Cody Jennison Arrested After Being Found in Newport Cottage Street Crawl Space
Police arrested 23-year-old Cody L. Jennison after a K9 located him hiding in a Cottage Street crawl space; the arrests highlight probation enforcement and public-safety questions for Newport residents.

Police took 23-year-old Cody L. Jennison of Newport into custody after a standoff at a Cottage Street residence that ended when a K9 unit located him hiding in a crawl space, authorities reported. A 26-year-old woman found inside the home, Brianna Tarrien of Newport, was also arrested after officers executed a search warrant and searched the building with mutual aid from neighboring departments.
Newport police responded after receiving information that Jennison may have been at the Cottage Street residence. When officers attempted to make an arrest, Jennison barricaded himself inside the home with Tarrien. Crews from the Claremont Police Department and Sunapee Police Department joined Newport officers to establish a perimeter while investigators obtained a search warrant. K9 Handler Walter Anderson and his partner K9 Mako located Tarrien in an upstairs bedroom and alerted to Jennison, who was found beneath debris behind a bedroom wall in a crawl space. Both suspects were taken into custody after the K9 alerts.
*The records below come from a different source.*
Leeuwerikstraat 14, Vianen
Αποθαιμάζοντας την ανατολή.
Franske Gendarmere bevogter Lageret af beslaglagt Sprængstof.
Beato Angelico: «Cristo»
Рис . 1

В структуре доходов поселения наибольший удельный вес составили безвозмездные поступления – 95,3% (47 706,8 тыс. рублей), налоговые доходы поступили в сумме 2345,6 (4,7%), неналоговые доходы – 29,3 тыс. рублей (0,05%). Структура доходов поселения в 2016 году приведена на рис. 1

Jennison was booked on an active arrest warrant for a felony-level violation of probation and an electronic bench warrant for failure to appear on a misdemeanor charge. Authorities also booked him on a new misdemeanor count of resisting arrest or detention following the barricade. Jennison was transported to the Sullivan County House of Corrections without bail pending hearings. Tarrien was charged with felony hindering apprehension and misdemeanor resisting arrest or detention, treated on scene for minor injuries from her apprehension, processed, and released on bail pending arraignment in the 5th Circuit Court.
Police reports did not include a Cottage Street house number, exact times for the response and arrests, or any statement that weapons were recovered at the scene. No injuries to Jennison were reported. The use of a search warrant and a K9 unit, and the deployment of mutual aid, reflect routine tactics for resolving barricade incidents but raise recurring questions about transparency and community communication in high-tension responses.
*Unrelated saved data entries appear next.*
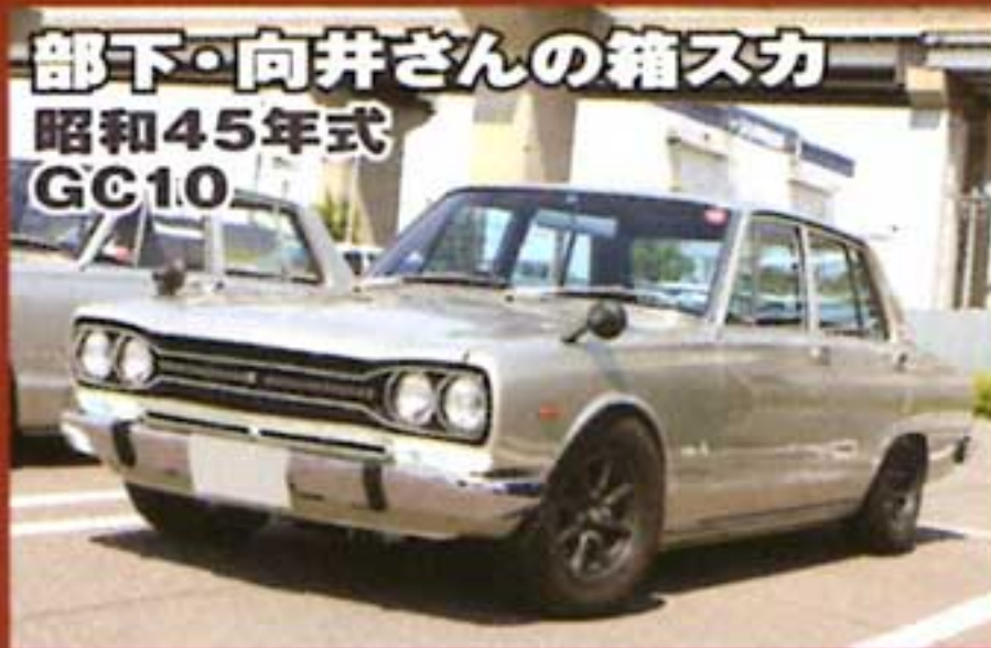
部下・向井さんの箱スカ 昭和45年式 GC10
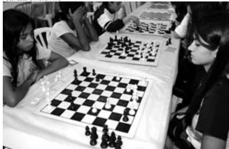
O xadrez também faz parte das atividades esportivas oferecidas
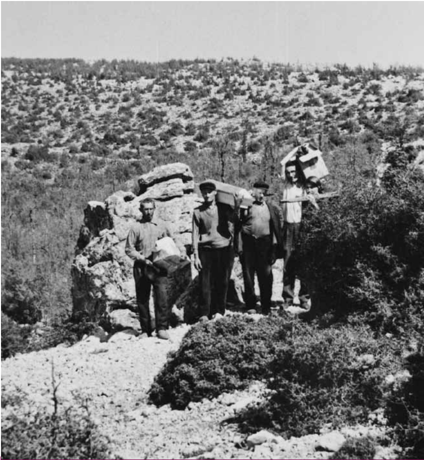
Iskopavanje posmrtnih ostataka pobijenih u Mostarskom Gracu 1971.

prije suđeni, kad im je dokazana krivica onda su pobijeni.

The incident underscores several policy issues for local officials and residents. Jennison’s arrest on a felony-level probation violation and an electronic bench warrant for nonappearance highlights how supervision and court noncompliance can escalate into emergency police operations. The no-bail transport to the county jail points toward prosecutorial and judicial decisions about public-safety risk and pretrial detention that are increasingly debated in New Hampshire and beyond. The involvement of Claremont and Sunapee police illustrates the county’s reliance on mutual aid for tactical response capacity.
For Newport residents, the immediate concerns are safety and clear information from law enforcement and the courts. Expect arraignment scheduling and public records from the Sullivan County House of Corrections and the 5th Circuit Court to clarify charges, docket numbers, and next court dates. Local civic leaders and elected officials should be prepared to address questions about probation oversight, warrant management, and how the county balances community safety with due process.
What comes next is a sequence of court appearances and public records that will determine bail, formal charges, and the supervision status that led to this standoff. Community attention to those proceedings and to how local agencies coordinate in barricade responses will shape policy conversations in Newport and across Sullivan County.